— INFORMATION SHOWN —
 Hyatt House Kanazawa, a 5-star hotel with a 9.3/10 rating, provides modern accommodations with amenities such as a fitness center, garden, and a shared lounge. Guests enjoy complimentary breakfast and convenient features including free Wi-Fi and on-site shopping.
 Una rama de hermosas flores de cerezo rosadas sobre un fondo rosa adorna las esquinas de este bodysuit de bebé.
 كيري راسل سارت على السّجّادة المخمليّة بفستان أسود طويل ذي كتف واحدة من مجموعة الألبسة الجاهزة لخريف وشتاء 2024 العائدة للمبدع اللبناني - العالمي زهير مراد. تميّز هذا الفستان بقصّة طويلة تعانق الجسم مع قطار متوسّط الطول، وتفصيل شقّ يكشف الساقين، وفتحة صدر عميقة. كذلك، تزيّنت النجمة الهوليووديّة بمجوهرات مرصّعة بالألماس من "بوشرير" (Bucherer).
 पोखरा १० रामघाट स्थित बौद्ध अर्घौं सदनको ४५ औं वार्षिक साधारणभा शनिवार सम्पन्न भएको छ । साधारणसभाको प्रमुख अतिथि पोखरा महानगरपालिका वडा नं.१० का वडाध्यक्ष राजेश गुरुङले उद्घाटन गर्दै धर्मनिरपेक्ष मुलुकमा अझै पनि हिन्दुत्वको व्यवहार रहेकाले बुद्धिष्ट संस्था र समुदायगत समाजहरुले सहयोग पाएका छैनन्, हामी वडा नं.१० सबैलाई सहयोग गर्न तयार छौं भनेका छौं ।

...

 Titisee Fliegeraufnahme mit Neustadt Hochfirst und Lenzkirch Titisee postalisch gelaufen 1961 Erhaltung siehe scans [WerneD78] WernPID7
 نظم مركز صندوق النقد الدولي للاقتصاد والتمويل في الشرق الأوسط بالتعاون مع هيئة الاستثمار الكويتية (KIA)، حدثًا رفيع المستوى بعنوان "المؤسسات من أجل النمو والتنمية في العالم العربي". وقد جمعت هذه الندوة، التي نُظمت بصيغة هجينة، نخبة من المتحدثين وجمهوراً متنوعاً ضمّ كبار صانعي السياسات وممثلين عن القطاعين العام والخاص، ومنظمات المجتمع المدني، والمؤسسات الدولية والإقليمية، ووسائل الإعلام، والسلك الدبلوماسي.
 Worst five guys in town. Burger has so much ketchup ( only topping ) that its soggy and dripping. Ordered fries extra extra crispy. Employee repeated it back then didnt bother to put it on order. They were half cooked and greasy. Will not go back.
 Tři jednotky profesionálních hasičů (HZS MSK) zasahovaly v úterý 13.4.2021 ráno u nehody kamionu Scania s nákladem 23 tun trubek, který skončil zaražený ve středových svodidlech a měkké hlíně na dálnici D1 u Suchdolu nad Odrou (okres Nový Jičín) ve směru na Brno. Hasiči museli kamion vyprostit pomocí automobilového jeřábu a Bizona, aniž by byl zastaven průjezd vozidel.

— TASK OBJECTIVE —
Please reproduce the lines from the line with "Una rama de" to the line with "पोखरा १० रामघाट", both ends included, exactly as they appear above.

— REPLY TO THE TASK —
 Una rama de hermosas flores de cerezo rosadas sobre un fondo rosa adorna las esquinas de este bodysuit de bebé.
 كيري راسل سارت على السّجّادة المخمليّة بفستان أسود طويل ذي كتف واحدة من مجموعة الألبسة الجاهزة لخريف وشتاء 2024 العائدة للمبدع اللبناني - العالمي زهير مراد. تميّز هذا الفستان بقصّة طويلة تعانق الجسم مع قطار متوسّط الطول، وتفصيل شقّ يكشف الساقين، وفتحة صدر عميقة. كذلك، تزيّنت النجمة الهوليووديّة بمجوهرات مرصّعة بالألماس من "بوشرير" (Bucherer).
 पोखरा १० रामघाट स्थित बौद्ध अर्घौं सदनको ४५ औं वार्षिक साधारणभा शनिवार सम्पन्न भएको छ । साधारणसभाको प्रमुख अतिथि पोखरा महानगरपालिका वडा नं.१० का वडाध्यक्ष राजेश गुरुङले उद्घाटन गर्दै धर्मनिरपेक्ष मुलुकमा अझै पनि हिन्दुत्वको व्यवहार रहेकाले बुद्धिष्ट संस्था र समुदायगत समाजहरुले सहयोग पाएका छैनन्, हामी वडा नं.१० सबैलाई सहयोग गर्न तयार छौं भनेका छौं ।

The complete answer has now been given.